*** Opening Exercise inputs ***

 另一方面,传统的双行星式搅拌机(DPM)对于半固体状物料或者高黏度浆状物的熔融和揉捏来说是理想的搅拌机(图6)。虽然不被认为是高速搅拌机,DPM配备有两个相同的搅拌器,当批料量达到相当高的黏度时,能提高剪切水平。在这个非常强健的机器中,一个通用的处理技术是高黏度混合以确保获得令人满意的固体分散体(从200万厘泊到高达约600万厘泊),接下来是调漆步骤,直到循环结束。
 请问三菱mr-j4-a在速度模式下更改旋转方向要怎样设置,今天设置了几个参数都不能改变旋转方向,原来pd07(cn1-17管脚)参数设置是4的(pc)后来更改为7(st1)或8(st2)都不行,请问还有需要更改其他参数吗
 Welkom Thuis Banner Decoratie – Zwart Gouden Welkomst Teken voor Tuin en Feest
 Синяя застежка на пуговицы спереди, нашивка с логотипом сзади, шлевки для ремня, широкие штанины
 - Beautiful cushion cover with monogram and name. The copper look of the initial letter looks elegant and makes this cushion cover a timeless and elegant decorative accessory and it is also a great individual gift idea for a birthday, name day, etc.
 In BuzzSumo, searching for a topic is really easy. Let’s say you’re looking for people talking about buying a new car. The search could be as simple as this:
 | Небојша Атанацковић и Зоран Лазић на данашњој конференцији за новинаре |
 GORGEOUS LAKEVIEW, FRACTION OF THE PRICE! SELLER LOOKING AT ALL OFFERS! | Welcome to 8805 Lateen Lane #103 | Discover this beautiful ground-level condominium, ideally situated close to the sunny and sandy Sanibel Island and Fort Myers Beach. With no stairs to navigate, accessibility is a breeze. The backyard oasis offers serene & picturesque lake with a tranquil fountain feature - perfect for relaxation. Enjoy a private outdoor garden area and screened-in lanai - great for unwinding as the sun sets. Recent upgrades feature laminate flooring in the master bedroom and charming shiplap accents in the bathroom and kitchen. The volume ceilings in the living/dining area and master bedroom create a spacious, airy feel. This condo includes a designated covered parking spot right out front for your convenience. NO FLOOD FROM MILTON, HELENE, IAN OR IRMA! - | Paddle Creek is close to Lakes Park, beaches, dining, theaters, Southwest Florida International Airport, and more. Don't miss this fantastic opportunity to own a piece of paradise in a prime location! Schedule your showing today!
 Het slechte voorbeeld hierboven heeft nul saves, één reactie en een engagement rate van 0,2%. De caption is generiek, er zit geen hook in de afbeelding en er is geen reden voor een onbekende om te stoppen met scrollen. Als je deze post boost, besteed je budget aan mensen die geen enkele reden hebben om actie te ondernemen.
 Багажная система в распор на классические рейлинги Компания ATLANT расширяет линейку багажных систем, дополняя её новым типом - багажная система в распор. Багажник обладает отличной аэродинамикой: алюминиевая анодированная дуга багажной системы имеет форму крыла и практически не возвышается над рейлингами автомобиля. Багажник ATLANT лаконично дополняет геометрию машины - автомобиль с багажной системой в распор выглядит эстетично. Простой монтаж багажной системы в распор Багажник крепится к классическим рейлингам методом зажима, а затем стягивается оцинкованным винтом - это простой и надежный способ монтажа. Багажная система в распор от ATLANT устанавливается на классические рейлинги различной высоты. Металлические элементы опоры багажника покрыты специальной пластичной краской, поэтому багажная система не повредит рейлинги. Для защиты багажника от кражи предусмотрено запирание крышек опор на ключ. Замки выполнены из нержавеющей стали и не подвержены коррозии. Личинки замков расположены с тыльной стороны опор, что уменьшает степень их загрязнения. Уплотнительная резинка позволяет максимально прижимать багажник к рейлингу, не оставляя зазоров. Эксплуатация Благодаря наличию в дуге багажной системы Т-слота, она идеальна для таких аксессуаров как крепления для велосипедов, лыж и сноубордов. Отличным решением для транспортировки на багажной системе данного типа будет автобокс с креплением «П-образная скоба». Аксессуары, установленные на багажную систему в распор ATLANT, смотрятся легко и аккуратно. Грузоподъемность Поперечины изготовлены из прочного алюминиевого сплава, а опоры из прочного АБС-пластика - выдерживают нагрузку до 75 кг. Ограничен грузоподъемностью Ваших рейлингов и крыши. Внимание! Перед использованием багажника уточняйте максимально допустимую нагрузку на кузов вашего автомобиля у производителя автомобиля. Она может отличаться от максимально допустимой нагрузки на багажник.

*** Closing Exercise inputs ***

### Task objective
Please count the lines above that contain the word "voor", and reply with the number alone.

### Task output
2